Note that in the Rinder order the pairs involving the second chapter would run: 12&40 13&36 31&42 34&41 38&43 39&44 47&48 50&52. (I fail to see why — is it only chance? — Plates 38 and 39 in this order, which are paired respectively with 43 and 44, become 43 and 44 in the Standard order!)

In either order the plates of 8 of these pairs are adjacent; the plates of almost half (12 out of 26) are either adjacent or within three numbers of each other. Nor are most of the others distributed at random. The series 40 41 42 43 44 (in Rinder order) are (hypothetically) on the backs of another, more scattered series 12 31 34 38 39. (In the standard order the series 40 42 43 46 are on the backs of the series 13 29 34 38.) Further on there is another tight series 91 92 94 95 96 on the backs of a looser series 56 60 64 67 89. These patterns altogether account for 22 out of 26 pairs and seem to indicate something more than a chance distribution. The adjacent or straddling pairs (5&6 4&7, for instance) suggest a working from front to back at once or almost at once. The more scattered series suggest accumulations of one-sided plates all used on their backs at once (i.e. for plates 40 to 44 and 91 to 96).
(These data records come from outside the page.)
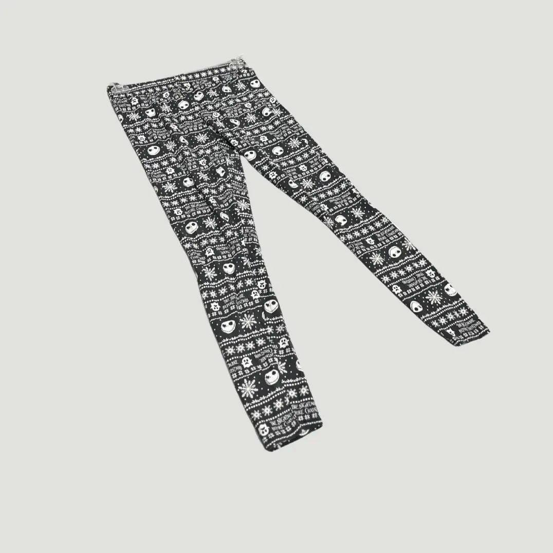 Black and white pattern featuring Jack Skellington faces, snowflakes, and other elements from The Nightmare Before Christmas.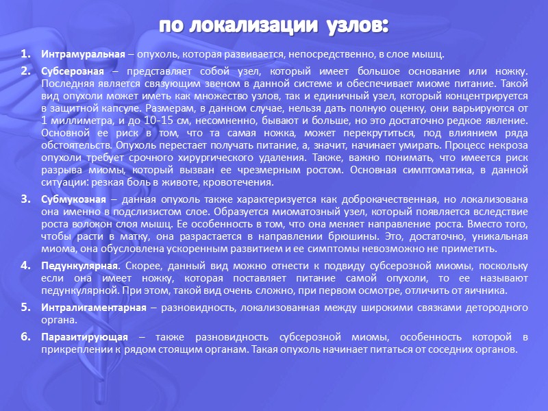 Классификация миом по темпу роста; по гистологической структуре; по клинической картине; по локализации узлов.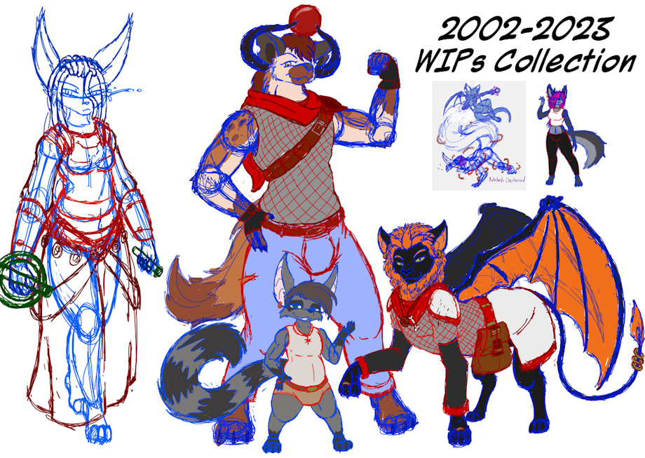 Product storepage link, https://terithsart.gumroad.com/l/fogrd Collected package of all WIPs produced from mid-2022 to the end of 2023. Contains 546 otherwise unreleased to the public images. Includes Vore and other NSFW content.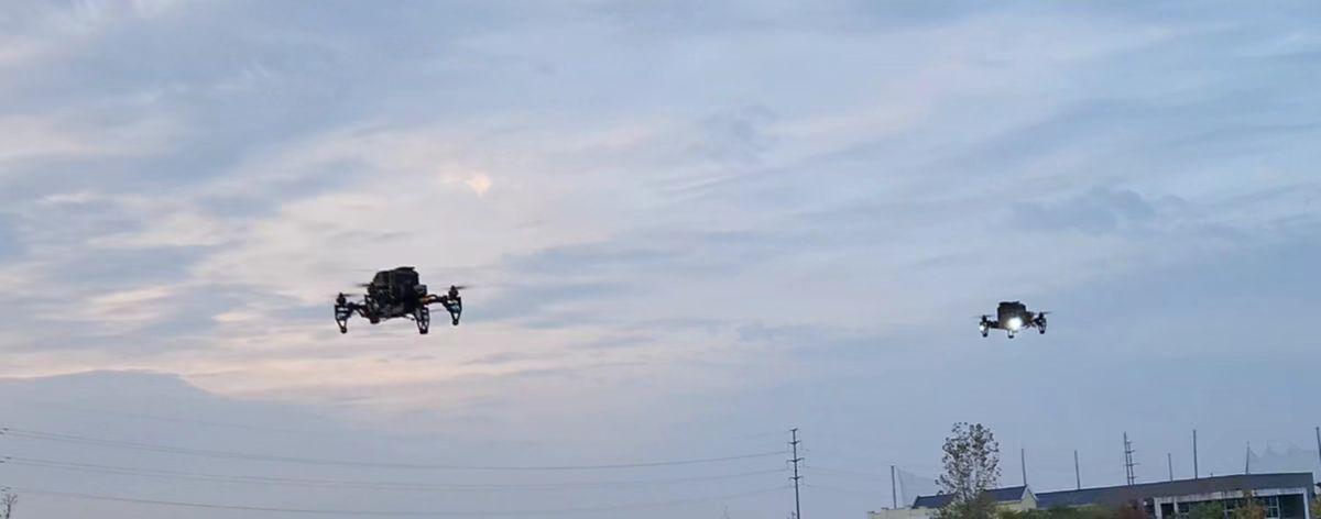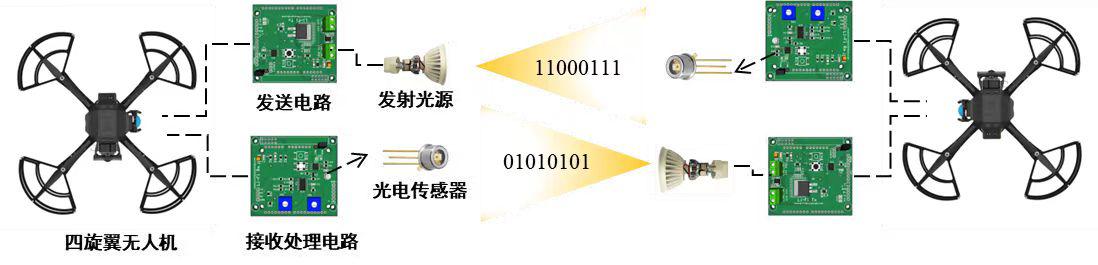 By emitting light signals from lighting devices on one drone and capturing them with light sensors on another drone for intelligent analysis, they achieved short-distance information transmission similar to how fireflies use blinking lights to communicate, enabling collaborative flight between drones based on optical links.

If we grant that these patterns may approximate the methods actually followed, can we make any meaningful deductions at this point? Perhaps not in isolation. But I suggest that further study of the textual and technical continuities and discontinuities in the plates of Jerusalem might benefit from attention to these potential pairings. Such odd couplings as 10&73 and 24&75 may provide clues to an earlier arrangement. Indeed one clue of this sort enters into the discussion, above, of Plates 56 and 95.